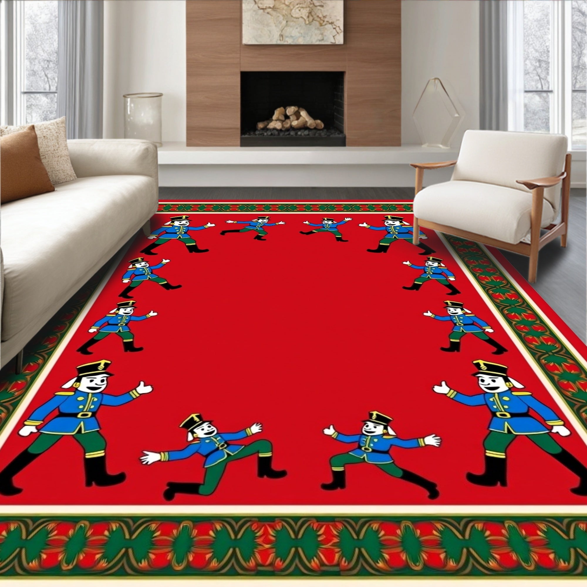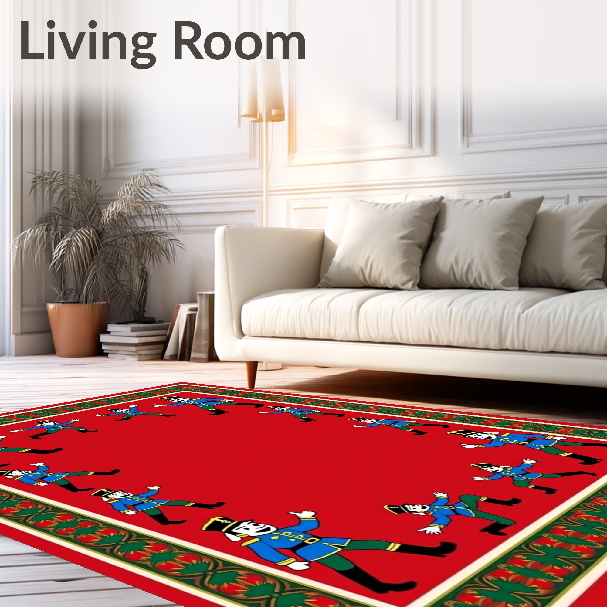 Ultra Soft Area Rug, Non Slip, Stain Resistant, Washable Area Rugs for Living Room, Bedroom, Joyful Nutcracker Symphony Enchanted Pathway Adornment(Red) Overview:
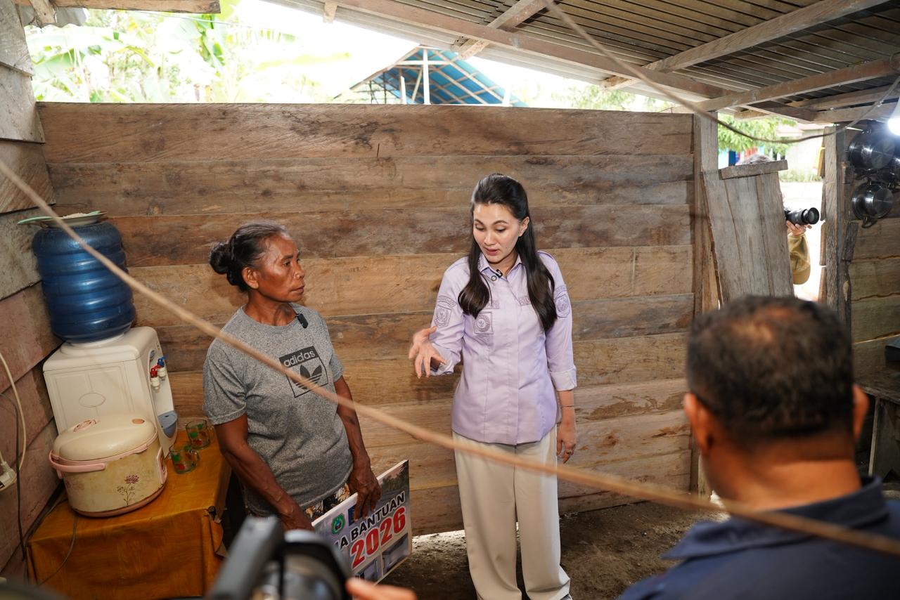 Gubernur Sherly langsung meninjau penerima RTLH di Desa Gulapapo, Halmahera Timur, Kamis, 5 Maret 2026. Kehadiran gubernur disambut hangat warga, terutama pasangan Erwin Senangua (32) dan Sintya (26), yang tak kuasa menahan haru melihat rumah baru mereka.
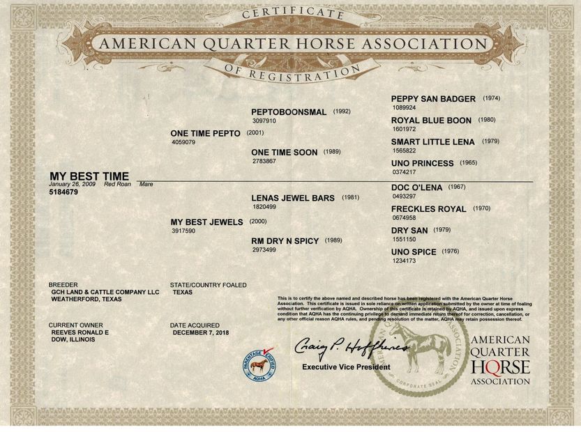 Sire: Sweet Lil Pepto NCHA earner of $237,738 and a $6M Sire
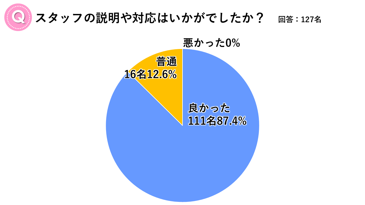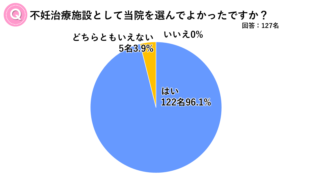 | 治療自体はきつかったですが、最終的に妊娠できたからです。また、施設が綺麗で職員間の連携がきめ細やかに取られていると感じる場面が多く、安心して通うことができました。入院中のご飯が美味しかったのも嬉しかったです。 |
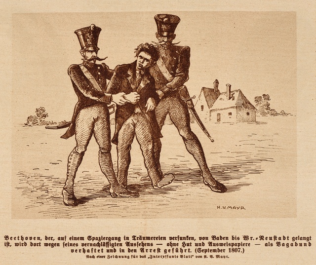 Ludwig van Beethoven, ganzfigurig, stehend, Entwurf für die Musikzimmer-Sequenz im Film "Ludwig van" - Film und Szenenbild von Mauricio Kagel, Collage von Brigitte Dannehl nach einem Porträt von Ferdinand Georg Waldmüller, Köln, 1969

•••

§ **To do**:
Could the data above be copied out exactly, with no pictures kept?

§ **Written response**:
 Ultra Soft Area Rug, Non Slip, Stain Resistant, Washable Area Rugs for Living Room, Bedroom, Joyful Nutcracker Symphony Enchanted Pathway Adornment(Red) Overview:
 Gubernur Sherly langsung meninjau penerima RTLH di Desa Gulapapo, Halmahera Timur, Kamis, 5 Maret 2026. Kehadiran gubernur disambut hangat warga, terutama pasangan Erwin Senangua (32) dan Sintya (26), yang tak kuasa menahan haru melihat rumah baru mereka.
 Sire: Sweet Lil Pepto NCHA earner of $237,738 and a $6M Sire
 | 治療自体はきつかったですが、最終的に妊娠できたからです。また、施設が綺麗で職員間の連携がきめ細やかに取られていると感じる場面が多く、安心して通うことができました。入院中のご飯が美味しかったのも嬉しかったです。 |
 Ludwig van Beethoven, ganzfigurig, stehend, Entwurf für die Musikzimmer-Sequenz im Film "Ludwig van" - Film und Szenenbild von Mauricio Kagel, Collage von Brigitte Dannehl nach einem Porträt von Ferdinand Georg Waldmüller, Köln, 1969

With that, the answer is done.